| I am a data architect in my day job. Within the realm of data management, I'd say "metadata management" [1] is the general category this fits within. I would say, yes this idea is known/very common, as data architecture is as much about the descriptive language we use as anything. I mean, "business glossaries", taxonomy, even just naming conventions [2] in coding, these are all related. If you build enough databases/tables or even code yourself, you inevitably come across the "how to name things" problem [3]. If all you have to sort on for the
known meaning of a thing (column, table, file, etc.) is a single string value, then encoding meaning into it is quite common. This way, a sort creates a kind of "grouping". Many database vendors follow standard naming conventions - such as Oracle, for example [4]. It is considered a best practice when designing/building the metadata for a large system, to establish a naming convention. Among other things, it makes finding things easier, as well as all the potential for automation. You get all kinds of variations on this, such as, should the "ID_" come as a prefix or a suffix (i.e. "_ID"). One's initial thought is to use it as a prefix so all the related types group together, but then that becomes much more difficult if you want to sort items by their functional area (e.g. DRIVER_ID, DRIVER_IND, etc.). One other place you see something similar is in "smart numbers" which is an eternal argument - should I use a "dumb identifier" (GUID, integer) or a "smart one" (one encoding additional meaning) [5]. I mean, basically, any time you can encode information in the meta-data of data, I think you can then operate on it by following "convention over configuration" (as mentioned elsewhere in the discussion comments). The only problem I see is that such conventions can, at times be limiting - depending on the length of your metadata columns, and the variability you are trying to capture - which is why I believe, generally, metadata is often better separated and linked to the data it describes - this decoupling allows for much more descriptive metadata than one could encode in simple a single string value. Certainly, you can get a long way with an approach like this, but I suspect you would run into 80/20 rule limitations. Using naming in this way is a form of tight coupling, which could be seen as an anti-pattern in terms of meta-data flexibility, in some cases. [1] https://en.wikipedia.org/wiki/Metadata_management [2]

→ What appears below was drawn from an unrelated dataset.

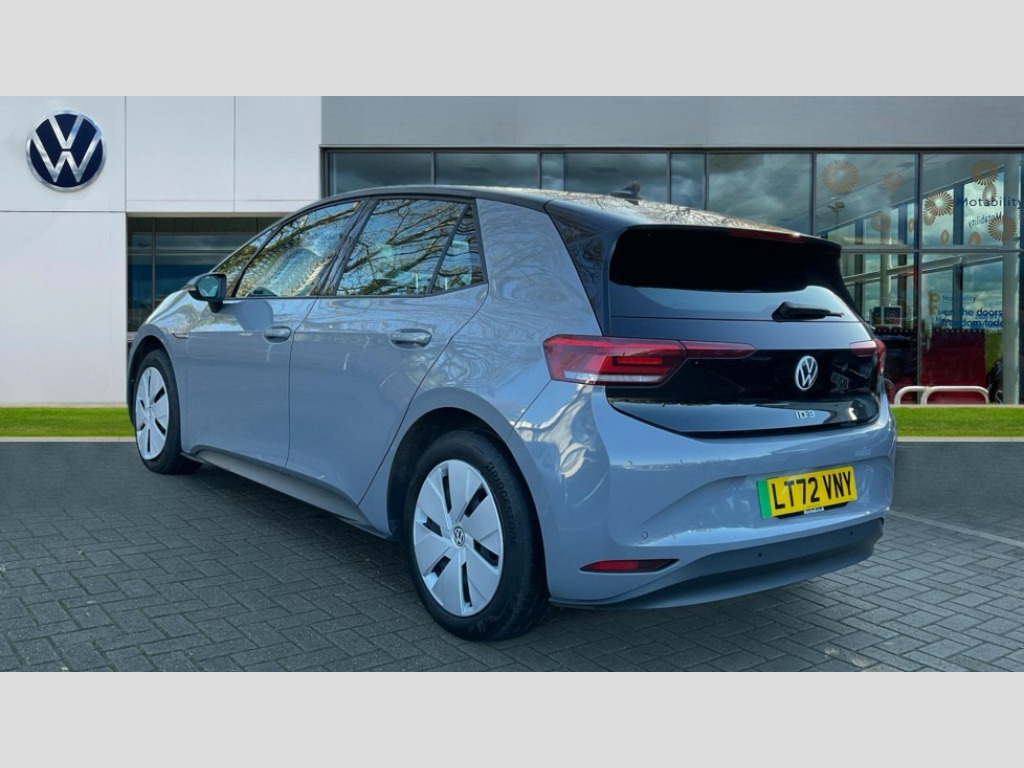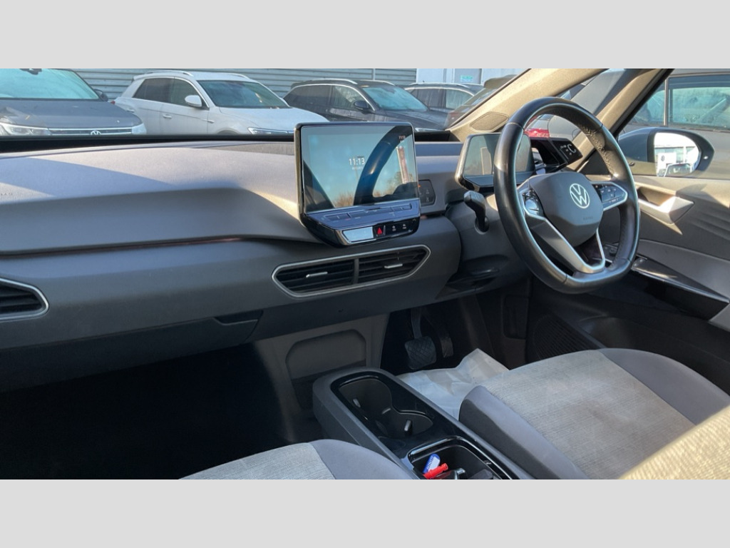 Volkswagen Id.3 150kW Life Pro Performance 58kWh 5dr Auto 10" touch screen infotainment system, 5.3" Digital dashboard display, Adaptive cruise control including Front Assist, radar sensor controlled distance monitoring system, City emergency braking system,speed limiter, BLIS (Blind spot information system), Bluetooth connectivity, Car2X technology, Driver alert system, Driver profile selection with personalisation, E-call, Front and rear parking sensors, ID. Light, Lane assist, Natural voice control, Remote tailgate unlocking, Security and service (SOS buttons), Trip computer, Wireless app connect, Exterior e-sound, DAB Digital radio, Touch control, 3rd brake light, Body colour door handles, Body coloured bumpers, Body coloured door mirrors with intergrated indicators, Front and rear electric windows, Heated rear window, Rain sensor, Rear side wing doors, Rear wiper, Separate LED daytime running lights which also perform the indicator function, 1 Zone climatronic, 3 seat bench in 2nd row, Folding rear seats, Fragment design cloth upholstery, Front headrests, Isofix child seat anchor points, Pause and play pedals, Pockets and smartphone pockets in seats, Reach + rake adjustable steering column, Rear headrests, Single front passenger seat, Standard seats, Comfort pack - ID.3, NCAP pack - ID.3, 3x3 point rear seat belts, Anti-lock braking system (ABS), Child locks on rear doors, Driver and passenger airbags, Electronic parking brake with auto hold, Electronic Stability Programme (ESP), Front and rear curtain airbags, Side airbags, Traction control with on/off button, Tyre pressure monitor, Alarm, Immobiliser, Keyless Go, Remote central locking, Tool kit, Tyre repair kit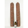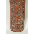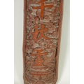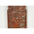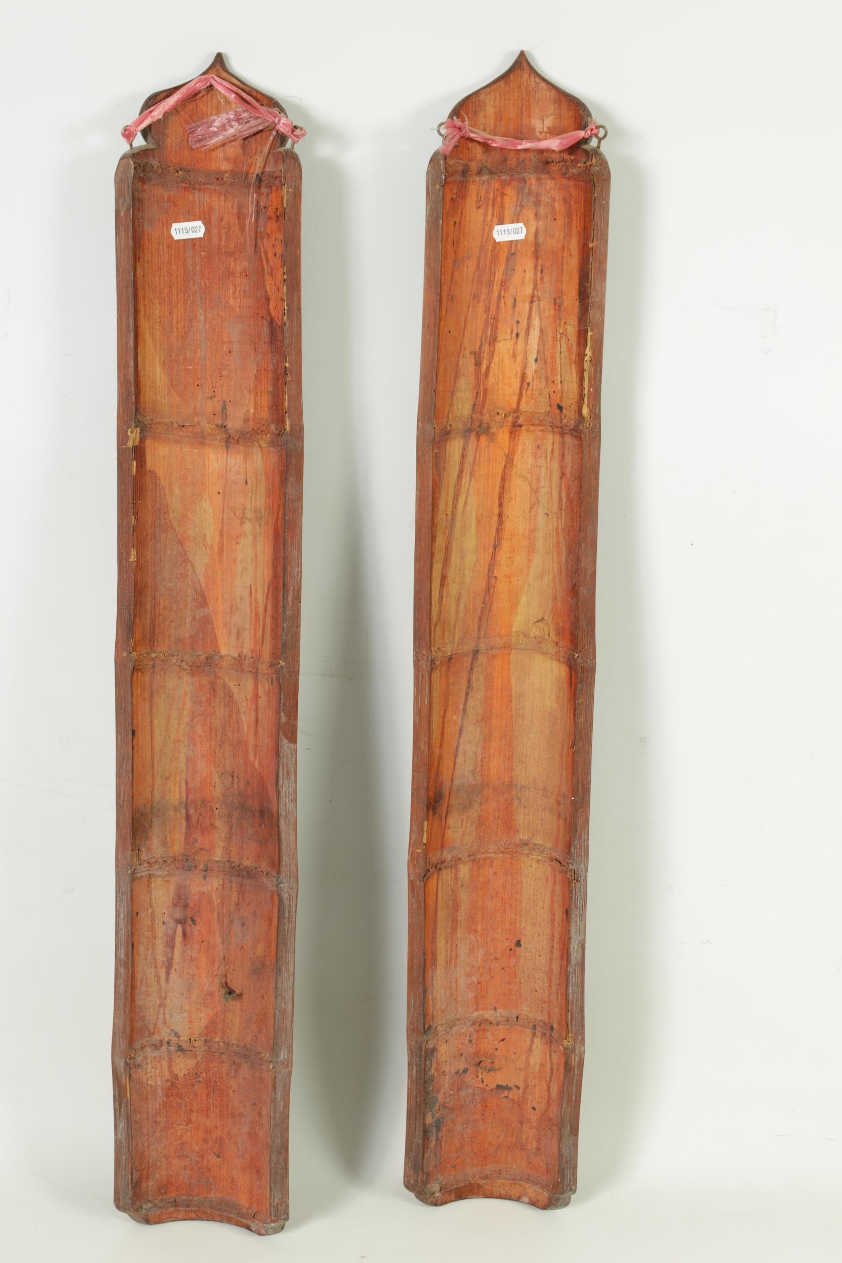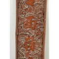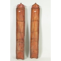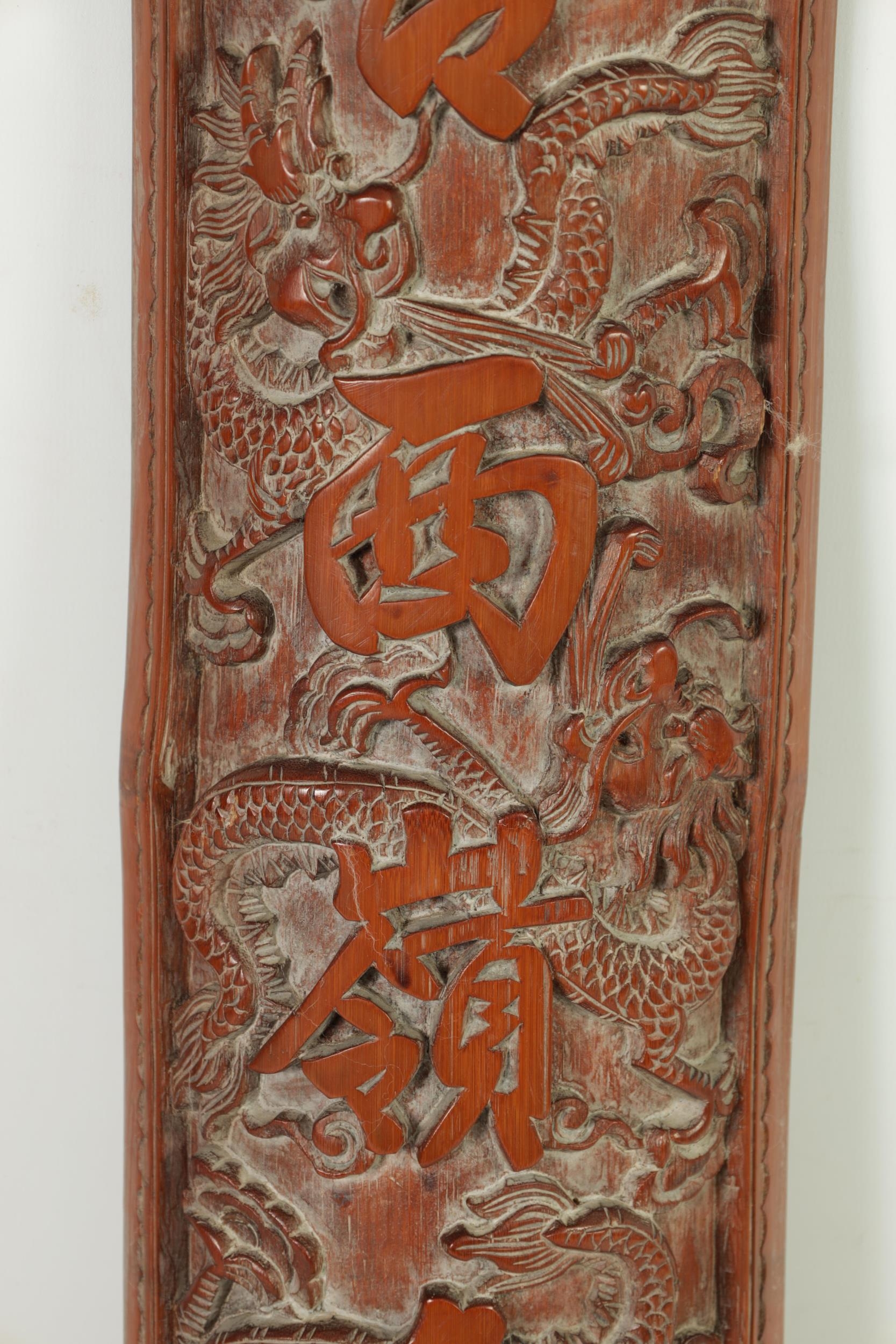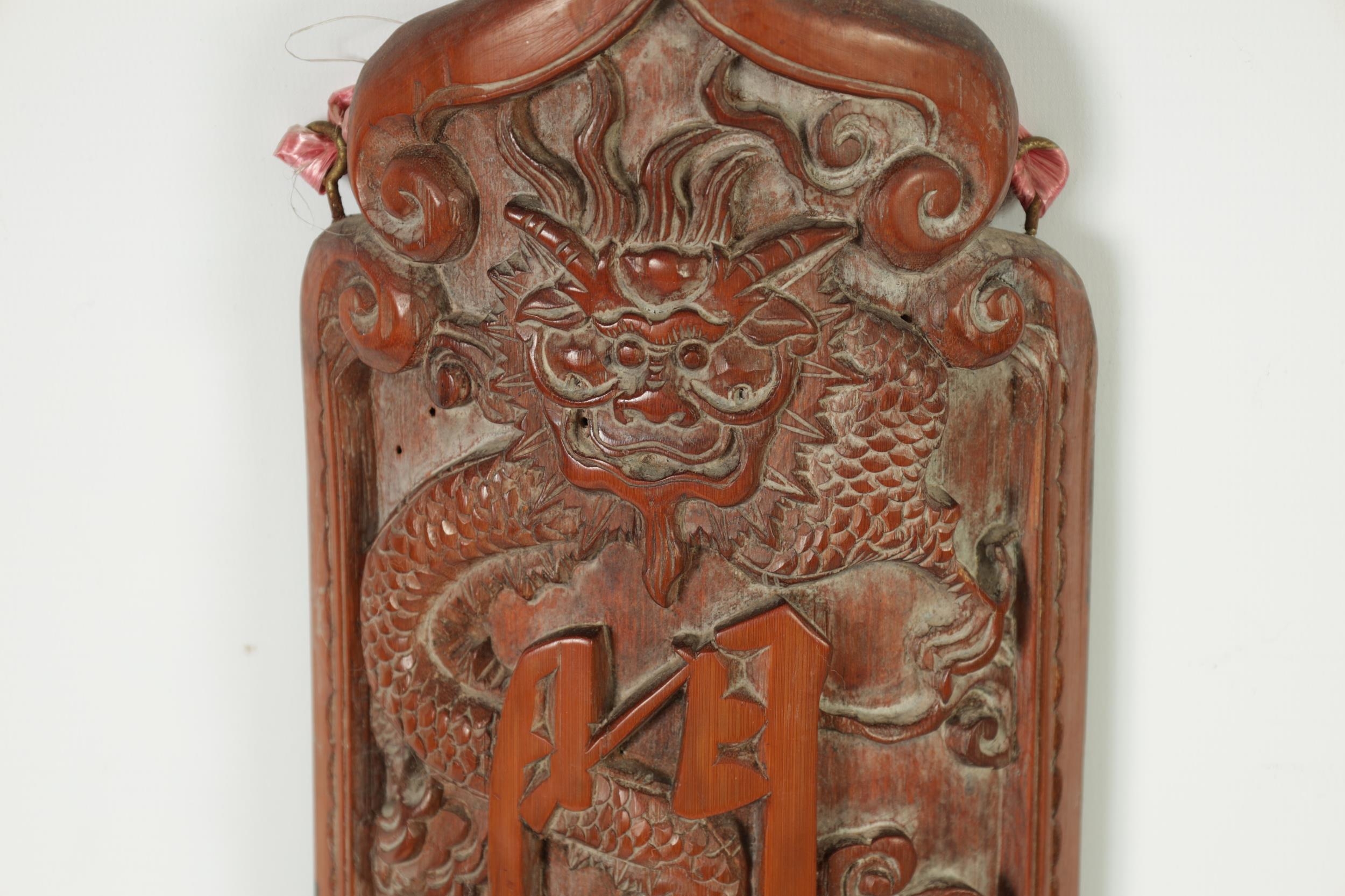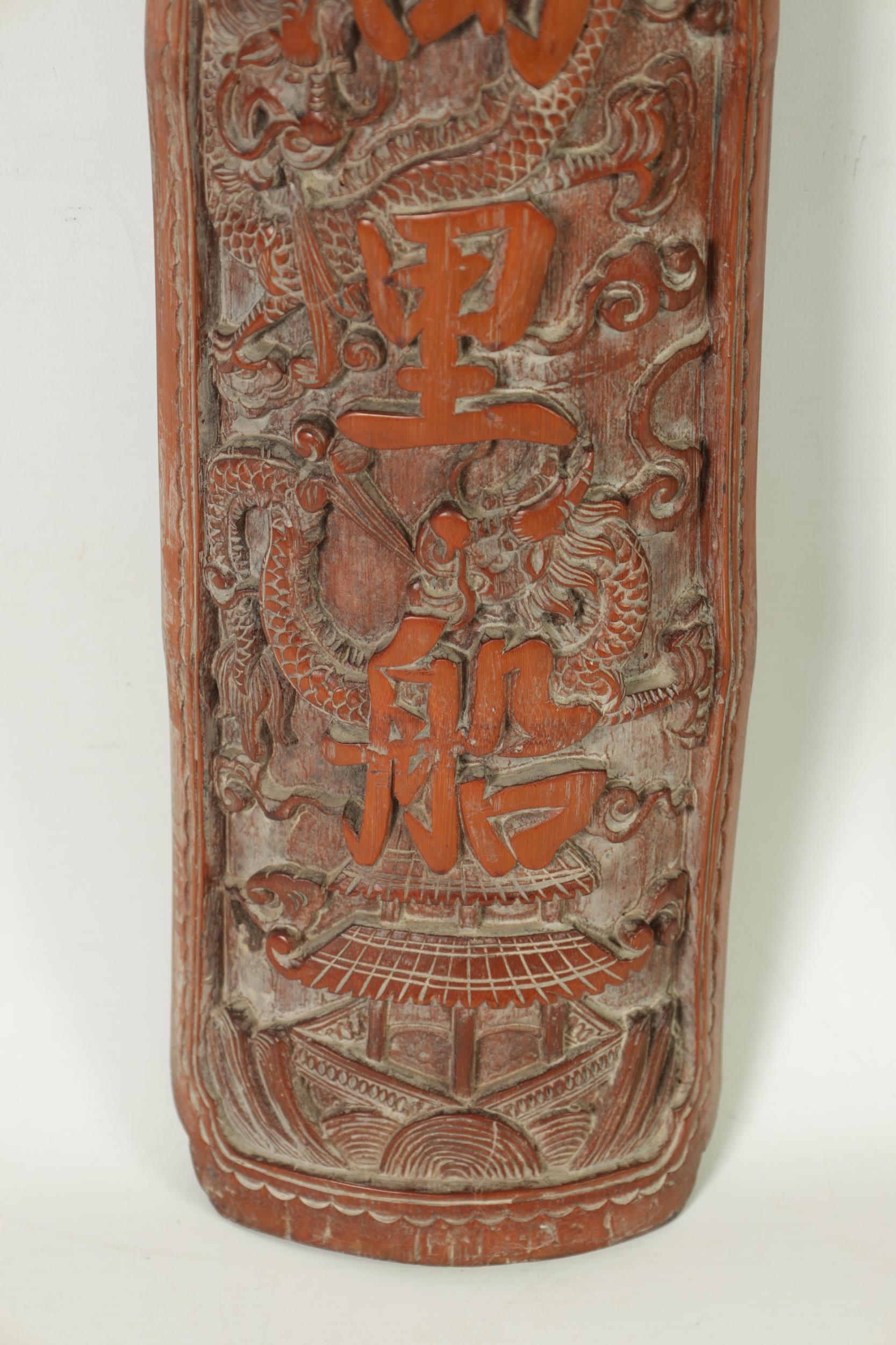 A PAIR OF 19TH CENTURY CHINESE CARVED BAMBOO WALL PLAQUES with character marks and entwined dragons. (95cm overall)

https://en.wikipedia.org/wiki/Naming_convention_(programming... [3] https://martinfowler.com/bliki/TwoHardThings.html [4] https://oracle-base.com/articles/misc/naming-conventions [5] https://en.wikipedia.org/wiki/Smart_number |
https://en.wikipedia.org/wiki/Database_normalization
Are there standards for storing columnar metadata (that is, metadata about the columns; or column-level metadata)?
In terms of columns, SQL has (implicit ordinal, name, type) and then primary key, index, and [foreign key] constraints.
RDFS (RDF Schema) is an open W3C linked data standard. An rdf:Property may have a rdfs:domain and a rdfs:range; where the possible datatypes are listed as instances of rdfs:range. Primitive datatypes are often drawn from XSD (XML Schema Definition), or https://schema.org/ . An rdfs:Class instance may be within the rdfs:domain and/or the rdfs:range of an rdf:Property.
RDFS is generally not sufficient for data validation; there are a number of standards which build upon RDFS: W3C SHACL (Shapes and Constraint Language), W3C CSVW (CSV on the Web).
There is some existing work on merging JSON Schema and SHACL.
CSVW builds upon the W3C "Model for Tabular Data and Metadata on the Web"; which supports arbitrary "annotations" on columns. CSVW can be represented as any RDF representation: Turtle/Trig/M3, RDF/XML, JSON-LD.
https://www.w3.org/TR/tabular-data-primer/
https://www.w3.org/TR/tabular-data-model/ :
> an annotated tabular data model: a model for tables that are annotated with metadata. Annotations provide information about the cells, rows, columns, tables, and groups of tables […]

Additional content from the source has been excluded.